Transcending Ambivalence: A History of Engaging the Bomb

By David Cotright

When the first nuclear explosion took place in New Mexico in July 1945, at a site ironically called Trinity, the scientists and military officers who witnessed the blast – who otherwise professed no religious faith – recounted their reactions in theological terms.

General Thomas Farrell, deputy director of the Manhattan Project, described the “strong, sustained, awesome roar which warned of doomsday and made us feel that we puny things were blasphemous to dare tamper with the forces heretofore reserved to the Almighty.”1 J. Robert Oppenheimer, director of the Los Alamos scientists and a savant of Eastern religion, reflected on passages from the Bhagavad-Gita, the sacred Hindu epic:

If the radiance of a thousand suns
Were to burst into the sky,
That would be like
The splendor of the Mighty One …

As the sinister mushroom cloud rose in the distance, Oppenheimer was reminded of another line from the Gita: “I am become Death, the shatterer of worlds.”

Religious leaders were horrified by the atomic bombings of Hiroshima and Nagasaki. On August 20, dozens of Protestant leaders issued a statement declaring their “unmitigated condemnation.”2 In March 1946 a Federal Council of Churches commission headed by YDS theologian Robert L. Calhoun urged the United States to renounce the further production of nuclear weapons and place atomic energy under strict international control. In developing and using the bomb, the commission said, “We have sinned grievously against the laws of God.” Signers of the commission report included Reinhold Niebuhr, John C. Bennett, and Georgia Harkness.3

In condemning a weapon of mass annihilation, church leaders were reflecting the irenic principles in Christ’s commandment to love all, including enemies. The pacifism of early Christians had given way to just war doctrine, but peace principles were kept alive over the centuries by the historic pacifist churches – Mennonites, Brethren, and Friends – and gained new life in the late nineteenth century with the rise of social gospel Christianity and Catholic social teaching. Mainstream Christians embraced a mission of bringing justice and reconciliation to a broken world, often influenced or tempered by Niebuhrian realism.

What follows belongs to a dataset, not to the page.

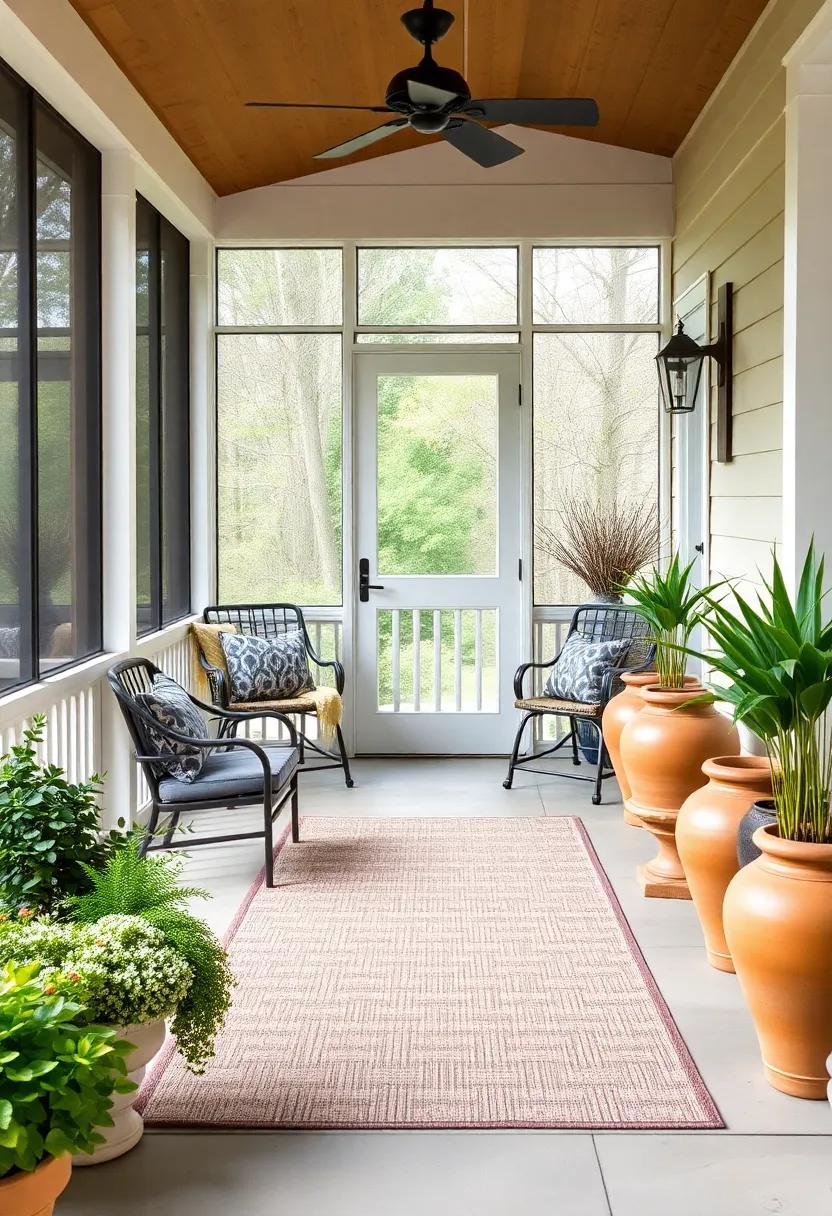 Indoor Plants Galore: Bring the outdoors in with an assortment of potted plants that not only purify the air but also add a touch of greenery to your screened porch

The horrors of world war and totalitarianism seemed to confirm the brutish character of realpolitik – although these realities also intensified the urgency of seeking peace and international cooperation, especially in an era of weapons of ultimate destruction.

“Duck and Cover”

This ambivalence shaped the early Christian response to the nuclear age. As the Cold War intensified in the late 1940s, some of those who had greeted the bomb with horror now came to accept it as a necessary deterrent against godless communism and the perceived threat of totalitarian aggression. In the Catholic Church and among evangelical Christians in particular, anti-communism overrode moral doubts about the legitimacy of weapons of mass destruction. Even the liberal Federal Council of Churches declared in 1950 that atomic weapons were necessary for defense and that their use was “justifiable” as retaliation against nuclear attack.4

Pacifist Christians rejected this Cold War consensus and warned against accommodating the bomb. In 1954 the American Friends Service Committee, the Brethren Service Committee, and the Mennonite Central Committee published an ad in The New York Times. Beneath a graphic image of the cross and a mushroom cloud, their statement compared two futures: “one standing for redemptive love and forgiveness, for the acceptance of suffering, for hope, for life; the other for hatred and massive retaliation, for the infliction of suffering, for fear, for death.”5

A resolute opponent of the bomb was Dorothy Day, founder of the Catholic Worker and an ardent pacifist who had refused to support World War II, fearing that the unleashed forces of militarism would lead to ever more terrifying forms of destruction.6

The development of atomic weapons seemed to confirm Day’s worst fears. As nuclear anxiety in- tensified in the 1950s, government officials ordered communities to practice air raid drills, and school children were instructed to “duck and cover.” When the state of New York announced a mandatory drill in 1955, Day and a few determined colleagues publicly disobeyed the order. At the appointed hour, as New Yorkers scurried into subways and basement shelters, Day sat conspicuously in City Hall Park and refused to budge. Her statement declared, “We do not have faith in God if we depend upon the atomic bomb.”7 The initial protest failed to attract much interest, but as air raid drills continued and radioactive fallout from atmospheric atomic testing began to poison the environment, public opposition to nuclear weapons spread.

Finding Resolve

The growing chorus of public concern about nuclear testing led to the founding of secular disarmament groups such as SANE and Women’s Strike for Peace. It generated political pressure that led to the signing of the Atmospheric Test Ban Treaty in 1963. While some religious bodies spoke out against the nuclear danger, most remained silent. Among the few who endorsed the early efforts of SANE were the Rev. Harry Emerson Fosdick, Paul Tillich, and the Rev. Martin Luther King, Jr.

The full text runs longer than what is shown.